**Aim of the task**
Apart from the pictures, the listing is to be returned exactly.

**Collected material**
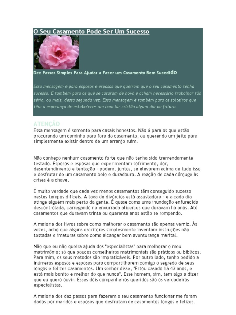 Dez Passos Simples Para Ajudar a Fazer um Casamento Bem Sucedido Essa mensagem para esposos e esposas que queiram que o seu casamento tenha sucesso. tambm para os que se casaram de novo e acham necessrio trabalhar to srio, ou mais, dessa segunda vez. Essa mensagem tambm para os solteiros que tm a esperana de estabelecer um bom lar cristo algum dia no futuro.
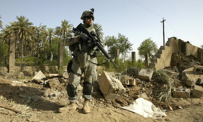 Αμερικανός στρατιώτης της 4ης Μεραρχίας Πεζικού φρουρεί το μέρος ύστερα από την πρόσφατη αεροπορική επιδρομή εναντίον του ηγέτη της Αλ Κάιντα στο Ιράκ Αμπού Μουσάμπ Αλ Ζαρκάουι, σε ένα πομμονωμένο φοινικόδασος στη Βαγδάτη, 2006
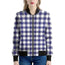 Make a bold statement with the sleek and stylish Navy And White Buffalo Check Print Women's Bomber Jacket. This women's bomber jacket combines a classic silhouette with modern design, offering the perfect mix of fashion and functionality. Whether you're layering it for a chilly day or adding a finishing touch to your outfit, this jacket is designed to keep you comfortable while elevating your style.

**Written solution**
 Dez Passos Simples Para Ajudar a Fazer um Casamento Bem Sucedido Essa mensagem para esposos e esposas que queiram que o seu casamento tenha sucesso. tambm para os que se casaram de novo e acham necessrio trabalhar to srio, ou mais, dessa segunda vez. Essa mensagem tambm para os solteiros que tm a esperana de estabelecer um bom lar cristo algum dia no futuro.
 Αμερικανός στρατιώτης της 4ης Μεραρχίας Πεζικού φρουρεί το μέρος ύστερα από την πρόσφατη αεροπορική επιδρομή εναντίον του ηγέτη της Αλ Κάιντα στο Ιράκ Αμπού Μουσάμπ Αλ Ζαρκάουι, σε ένα πομμονωμένο φοινικόδασος στη Βαγδάτη, 2006
 Make a bold statement with the sleek and stylish Navy And White Buffalo Check Print Women's Bomber Jacket. This women's bomber jacket combines a classic silhouette with modern design, offering the perfect mix of fashion and functionality. Whether you're layering it for a chilly day or adding a finishing touch to your outfit, this jacket is designed to keep you comfortable while elevating your style.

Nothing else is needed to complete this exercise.